The World Jewish Congress Calls on the US Congress to Make Holocaust Education Mandatory in American Schools

July 10, 2019 in News by RBN

The World Jewish Congress is urging US lawmakers to make studying the Holocaust mandatory in all schools, citing statistics from a 2018 poll revealing that half of millennials can’t name a single Nazi concentration camp. [They can’t name any Communist concentration camps, either, but that is of no apparent concern.] ‘The Never Again Education Act’ proposes making Holocaust education mandatory in every school in the US and would create grants for teachers to teach students about the Holocaust “and the repercussions that hate and intolerance can have on our society.” [We agree that children should be taught that hate and intolerance must be rejected in a just society, but we fear that selective focus on hate and intolerance against only Jewish victims to the exclusion of those in other ethnic groups who have suffered similar fates is likely to miss its stated goal. Without knowledge of the death camps and killing fields of the Soviets, the Red Chinese, the Khmer Rouge of Cambodia, and the torture chambers of Communist Romania and Cuba, children are likely to form a false impression that Jews are the only ones who have suffered from such inhumanity in modern times and that Nazis are the only perpetrators. This false impression also may be used to discourage criticism of the political policies of the Israeli government for fear of being labeled anti-Semitic and condemned on a par with Holocaust criminals. That outcome, in fact, may be the primary motivation behind this proposal.] -GEG

The World Jewish Congress is pushing US lawmakers to make Holocaust education mandatory in all schools, citing statistics from a 2018 poll revealing half of millennials can’t name a single Nazi concentration camp.

The WJC started a petition calling on Congress to “make Holocaust education mandatory in every school in the United States,” that has garnered 8,500 signatures so far. The petition points to a rise in antisemitism and warns that “the horrors of the Holocaust are fading from our collective memory, especially among millennials.” 

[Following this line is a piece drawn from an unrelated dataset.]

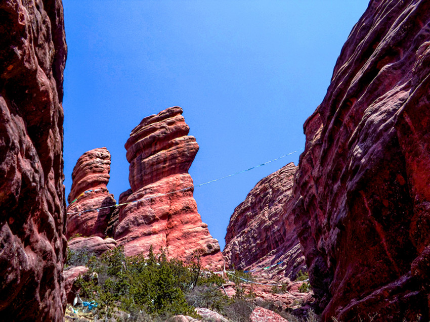 環(huán)顧四周,滿目怪石如林、變化萬(wàn)千的紅山地貌群,巨大形狀的,如城堡或紅色的塔樓,或雄偉壯觀拔地而起石墻,陡峭直立的錐形物,小型的栩栩如生似鳥獸或人,有的像觀音、佛塔、吉祥海螺、金剛杵,有不少像藏族民間常用泥捏成的祭祀、祈禱用的“察察”,奇石異峰精巧豐富,星羅棋布。

It refers to statistics found in the 2018 Holocaust Knowledge and Awareness Study which surveyed 1,350 Americans aged 18 and over and found 49 percent of millennials and 45 percent of adults couldn’t name a concentration camp or ghetto in Europe during the Holocaust. It also revealed that 41 percent of millennials think the number of Jews killed in the Holocaust was two million or less, rather than six million.

‘The Never Again Education Act’ would create a grant program run by the Department of Education to provide teachers with training and tools to teach students about the Holocaust “and the repercussions that hate and intolerance can have on our society.”